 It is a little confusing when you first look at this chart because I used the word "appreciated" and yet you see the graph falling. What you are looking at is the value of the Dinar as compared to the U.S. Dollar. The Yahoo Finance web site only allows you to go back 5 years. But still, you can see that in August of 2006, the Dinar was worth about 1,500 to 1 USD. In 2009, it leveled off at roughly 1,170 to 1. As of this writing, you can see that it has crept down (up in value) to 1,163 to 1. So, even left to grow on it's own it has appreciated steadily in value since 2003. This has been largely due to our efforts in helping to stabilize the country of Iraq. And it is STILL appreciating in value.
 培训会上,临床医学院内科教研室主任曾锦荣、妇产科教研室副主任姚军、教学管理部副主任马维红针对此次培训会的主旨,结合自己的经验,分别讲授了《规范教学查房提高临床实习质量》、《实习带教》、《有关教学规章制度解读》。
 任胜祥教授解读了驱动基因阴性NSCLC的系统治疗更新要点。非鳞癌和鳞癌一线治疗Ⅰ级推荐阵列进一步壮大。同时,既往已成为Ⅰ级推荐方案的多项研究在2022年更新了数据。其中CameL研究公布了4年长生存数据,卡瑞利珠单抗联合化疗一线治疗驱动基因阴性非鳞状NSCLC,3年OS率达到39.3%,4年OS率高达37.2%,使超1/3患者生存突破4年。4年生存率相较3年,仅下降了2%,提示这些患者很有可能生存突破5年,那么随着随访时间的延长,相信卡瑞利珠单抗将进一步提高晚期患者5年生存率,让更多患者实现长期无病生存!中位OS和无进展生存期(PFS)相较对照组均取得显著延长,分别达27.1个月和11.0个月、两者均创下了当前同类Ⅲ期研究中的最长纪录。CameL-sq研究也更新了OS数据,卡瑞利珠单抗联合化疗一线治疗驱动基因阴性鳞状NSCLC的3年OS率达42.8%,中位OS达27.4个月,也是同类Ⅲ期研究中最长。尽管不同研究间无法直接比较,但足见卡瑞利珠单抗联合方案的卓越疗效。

---

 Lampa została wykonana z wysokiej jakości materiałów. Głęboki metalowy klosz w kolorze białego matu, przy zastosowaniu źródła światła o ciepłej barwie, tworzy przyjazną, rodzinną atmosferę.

---

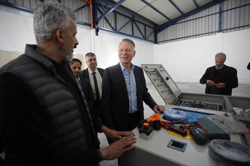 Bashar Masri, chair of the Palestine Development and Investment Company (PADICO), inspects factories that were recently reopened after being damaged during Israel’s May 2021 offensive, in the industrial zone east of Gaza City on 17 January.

→ What you will do
Retype exactly the span of lines from the one with "It is a little" through the one with "任胜祥教授解读了驱动基因阴性"; include both ends and omit the rest of the material.

→ Solution for this task
 It is a little confusing when you first look at this chart because I used the word "appreciated" and yet you see the graph falling. What you are looking at is the value of the Dinar as compared to the U.S. Dollar. The Yahoo Finance web site only allows you to go back 5 years. But still, you can see that in August of 2006, the Dinar was worth about 1,500 to 1 USD. In 2009, it leveled off at roughly 1,170 to 1. As of this writing, you can see that it has crept down (up in value) to 1,163 to 1. So, even left to grow on it's own it has appreciated steadily in value since 2003. This has been largely due to our efforts in helping to stabilize the country of Iraq. And it is STILL appreciating in value.
 培训会上,临床医学院内科教研室主任曾锦荣、妇产科教研室副主任姚军、教学管理部副主任马维红针对此次培训会的主旨,结合自己的经验,分别讲授了《规范教学查房提高临床实习质量》、《实习带教》、《有关教学规章制度解读》。
 任胜祥教授解读了驱动基因阴性NSCLC的系统治疗更新要点。非鳞癌和鳞癌一线治疗Ⅰ级推荐阵列进一步壮大。同时,既往已成为Ⅰ级推荐方案的多项研究在2022年更新了数据。其中CameL研究公布了4年长生存数据,卡瑞利珠单抗联合化疗一线治疗驱动基因阴性非鳞状NSCLC,3年OS率达到39.3%,4年OS率高达37.2%,使超1/3患者生存突破4年。4年生存率相较3年,仅下降了2%,提示这些患者很有可能生存突破5年,那么随着随访时间的延长,相信卡瑞利珠单抗将进一步提高晚期患者5年生存率,让更多患者实现长期无病生存!中位OS和无进展生存期(PFS)相较对照组均取得显著延长,分别达27.1个月和11.0个月、两者均创下了当前同类Ⅲ期研究中的最长纪录。CameL-sq研究也更新了OS数据,卡瑞利珠单抗联合化疗一线治疗驱动基因阴性鳞状NSCLC的3年OS率达42.8%,中位OS达27.4个月,也是同类Ⅲ期研究中最长。尽管不同研究间无法直接比较,但足见卡瑞利珠单抗联合方案的卓越疗效。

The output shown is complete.